◆ DATA SUPPLIED:
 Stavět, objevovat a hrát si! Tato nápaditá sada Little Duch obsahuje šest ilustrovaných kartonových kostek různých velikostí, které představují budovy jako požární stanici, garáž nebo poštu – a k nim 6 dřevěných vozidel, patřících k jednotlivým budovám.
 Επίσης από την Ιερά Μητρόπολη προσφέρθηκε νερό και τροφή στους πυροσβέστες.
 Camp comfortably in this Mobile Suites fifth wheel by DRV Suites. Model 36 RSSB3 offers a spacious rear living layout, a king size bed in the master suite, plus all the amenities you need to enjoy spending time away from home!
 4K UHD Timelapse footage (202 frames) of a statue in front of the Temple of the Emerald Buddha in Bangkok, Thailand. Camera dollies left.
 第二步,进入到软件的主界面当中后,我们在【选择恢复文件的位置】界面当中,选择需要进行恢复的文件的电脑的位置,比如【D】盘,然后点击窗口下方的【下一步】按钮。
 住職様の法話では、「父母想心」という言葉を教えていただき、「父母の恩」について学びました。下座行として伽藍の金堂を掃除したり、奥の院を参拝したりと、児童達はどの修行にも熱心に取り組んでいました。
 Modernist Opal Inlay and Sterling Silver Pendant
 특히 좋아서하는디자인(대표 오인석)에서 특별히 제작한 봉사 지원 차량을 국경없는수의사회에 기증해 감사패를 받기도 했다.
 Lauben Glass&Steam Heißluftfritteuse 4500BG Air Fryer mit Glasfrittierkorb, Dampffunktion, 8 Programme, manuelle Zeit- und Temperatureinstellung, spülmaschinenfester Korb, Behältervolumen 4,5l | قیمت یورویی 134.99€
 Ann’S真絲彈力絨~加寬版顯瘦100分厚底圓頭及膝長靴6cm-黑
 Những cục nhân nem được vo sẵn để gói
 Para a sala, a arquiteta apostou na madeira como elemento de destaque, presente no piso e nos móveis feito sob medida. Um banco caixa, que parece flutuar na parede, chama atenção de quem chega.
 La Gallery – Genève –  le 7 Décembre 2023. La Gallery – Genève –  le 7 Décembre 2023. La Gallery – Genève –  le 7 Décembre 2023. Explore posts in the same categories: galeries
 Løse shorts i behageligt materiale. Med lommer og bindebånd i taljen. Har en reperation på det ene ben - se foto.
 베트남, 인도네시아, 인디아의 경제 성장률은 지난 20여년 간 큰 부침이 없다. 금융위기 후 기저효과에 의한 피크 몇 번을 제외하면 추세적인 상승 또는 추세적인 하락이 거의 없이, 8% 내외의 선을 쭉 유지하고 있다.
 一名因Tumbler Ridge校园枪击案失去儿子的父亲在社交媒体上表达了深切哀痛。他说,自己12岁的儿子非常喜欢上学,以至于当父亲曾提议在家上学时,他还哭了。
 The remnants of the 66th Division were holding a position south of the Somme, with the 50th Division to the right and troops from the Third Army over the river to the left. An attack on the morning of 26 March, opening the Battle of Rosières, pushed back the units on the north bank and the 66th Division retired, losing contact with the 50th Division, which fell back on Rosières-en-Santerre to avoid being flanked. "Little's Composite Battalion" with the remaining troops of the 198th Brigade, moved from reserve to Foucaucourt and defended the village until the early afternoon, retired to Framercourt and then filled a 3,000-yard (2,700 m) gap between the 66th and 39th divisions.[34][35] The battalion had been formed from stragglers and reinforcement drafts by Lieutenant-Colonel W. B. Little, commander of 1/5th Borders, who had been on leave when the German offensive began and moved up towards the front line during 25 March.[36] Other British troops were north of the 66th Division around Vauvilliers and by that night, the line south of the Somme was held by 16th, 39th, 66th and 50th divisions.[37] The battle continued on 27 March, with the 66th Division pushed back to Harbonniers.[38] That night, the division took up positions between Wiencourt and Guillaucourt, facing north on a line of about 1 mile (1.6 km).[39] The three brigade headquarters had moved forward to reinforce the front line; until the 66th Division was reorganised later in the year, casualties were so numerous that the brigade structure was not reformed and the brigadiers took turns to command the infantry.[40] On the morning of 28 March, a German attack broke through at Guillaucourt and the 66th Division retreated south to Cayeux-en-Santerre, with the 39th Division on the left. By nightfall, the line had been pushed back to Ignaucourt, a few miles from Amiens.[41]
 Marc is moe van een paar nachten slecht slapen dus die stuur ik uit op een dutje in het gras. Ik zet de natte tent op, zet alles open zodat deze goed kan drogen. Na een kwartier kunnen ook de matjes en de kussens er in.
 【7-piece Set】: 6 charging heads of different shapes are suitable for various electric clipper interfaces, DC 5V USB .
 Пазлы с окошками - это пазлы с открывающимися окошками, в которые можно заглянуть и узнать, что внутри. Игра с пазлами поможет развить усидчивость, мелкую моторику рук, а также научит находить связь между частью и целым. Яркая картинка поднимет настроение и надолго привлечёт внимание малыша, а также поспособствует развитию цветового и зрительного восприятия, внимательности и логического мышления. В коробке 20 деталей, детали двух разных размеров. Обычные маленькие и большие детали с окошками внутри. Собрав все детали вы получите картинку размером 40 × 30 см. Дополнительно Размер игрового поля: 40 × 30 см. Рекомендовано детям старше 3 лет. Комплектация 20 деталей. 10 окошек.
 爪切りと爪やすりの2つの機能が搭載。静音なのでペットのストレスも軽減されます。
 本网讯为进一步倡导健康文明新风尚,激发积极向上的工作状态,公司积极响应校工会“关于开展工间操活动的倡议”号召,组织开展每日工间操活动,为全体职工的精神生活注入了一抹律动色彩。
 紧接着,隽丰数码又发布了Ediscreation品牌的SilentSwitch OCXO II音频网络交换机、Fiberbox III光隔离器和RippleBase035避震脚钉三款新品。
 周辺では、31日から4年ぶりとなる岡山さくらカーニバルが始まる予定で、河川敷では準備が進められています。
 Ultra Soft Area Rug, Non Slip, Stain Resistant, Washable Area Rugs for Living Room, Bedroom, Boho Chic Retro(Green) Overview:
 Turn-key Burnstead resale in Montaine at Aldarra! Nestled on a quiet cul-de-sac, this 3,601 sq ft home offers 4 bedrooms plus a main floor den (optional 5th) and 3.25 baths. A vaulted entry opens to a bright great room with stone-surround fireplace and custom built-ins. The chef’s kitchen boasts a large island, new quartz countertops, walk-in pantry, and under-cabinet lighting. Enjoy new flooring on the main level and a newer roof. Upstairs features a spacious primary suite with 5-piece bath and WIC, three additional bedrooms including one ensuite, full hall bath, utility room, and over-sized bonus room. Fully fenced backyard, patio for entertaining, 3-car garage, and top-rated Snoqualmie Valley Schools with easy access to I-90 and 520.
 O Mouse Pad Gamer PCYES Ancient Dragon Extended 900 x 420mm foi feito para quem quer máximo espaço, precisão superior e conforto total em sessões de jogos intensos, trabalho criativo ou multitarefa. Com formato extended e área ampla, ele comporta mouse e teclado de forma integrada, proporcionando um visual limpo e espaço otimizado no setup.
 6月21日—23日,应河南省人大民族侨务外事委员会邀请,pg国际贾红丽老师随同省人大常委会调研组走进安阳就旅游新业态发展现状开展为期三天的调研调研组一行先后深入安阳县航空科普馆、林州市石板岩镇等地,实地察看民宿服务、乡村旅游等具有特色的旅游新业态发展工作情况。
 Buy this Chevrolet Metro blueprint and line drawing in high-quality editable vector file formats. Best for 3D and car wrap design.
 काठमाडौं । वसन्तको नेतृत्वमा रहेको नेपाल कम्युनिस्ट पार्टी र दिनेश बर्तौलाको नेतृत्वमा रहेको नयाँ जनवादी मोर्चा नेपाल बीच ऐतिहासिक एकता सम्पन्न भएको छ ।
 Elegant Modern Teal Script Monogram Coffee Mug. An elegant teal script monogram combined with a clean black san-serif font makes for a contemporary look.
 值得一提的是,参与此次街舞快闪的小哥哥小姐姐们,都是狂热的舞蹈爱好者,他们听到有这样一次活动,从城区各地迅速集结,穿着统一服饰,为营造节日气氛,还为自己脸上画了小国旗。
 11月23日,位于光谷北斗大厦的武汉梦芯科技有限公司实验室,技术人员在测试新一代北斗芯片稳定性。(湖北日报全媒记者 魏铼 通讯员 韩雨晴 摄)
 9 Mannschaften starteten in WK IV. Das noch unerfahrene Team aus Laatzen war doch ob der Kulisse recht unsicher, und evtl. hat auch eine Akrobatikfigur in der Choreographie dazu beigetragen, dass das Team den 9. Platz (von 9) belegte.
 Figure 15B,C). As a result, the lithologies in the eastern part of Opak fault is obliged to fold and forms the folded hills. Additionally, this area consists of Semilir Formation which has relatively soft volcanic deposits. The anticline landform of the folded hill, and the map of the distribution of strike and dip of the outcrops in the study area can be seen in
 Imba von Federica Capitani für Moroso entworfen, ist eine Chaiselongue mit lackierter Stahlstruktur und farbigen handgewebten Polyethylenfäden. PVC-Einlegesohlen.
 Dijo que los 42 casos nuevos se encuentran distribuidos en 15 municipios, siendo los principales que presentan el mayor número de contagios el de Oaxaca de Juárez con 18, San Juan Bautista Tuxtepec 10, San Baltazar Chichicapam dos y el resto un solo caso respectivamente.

◆ ASSIGNMENT:
Copy out only the lines of the records above from the one with "Επίσης από την" through the one with "第二步,进入到软件的主界面当", exactly as they stand, both included.

◆ REPLY TO THE EXERCISE:
 Επίσης από την Ιερά Μητρόπολη προσφέρθηκε νερό και τροφή στους πυροσβέστες.
 Camp comfortably in this Mobile Suites fifth wheel by DRV Suites. Model 36 RSSB3 offers a spacious rear living layout, a king size bed in the master suite, plus all the amenities you need to enjoy spending time away from home!
 4K UHD Timelapse footage (202 frames) of a statue in front of the Temple of the Emerald Buddha in Bangkok, Thailand. Camera dollies left.
 第二步,进入到软件的主界面当中后,我们在【选择恢复文件的位置】界面当中,选择需要进行恢复的文件的电脑的位置,比如【D】盘,然后点击窗口下方的【下一步】按钮。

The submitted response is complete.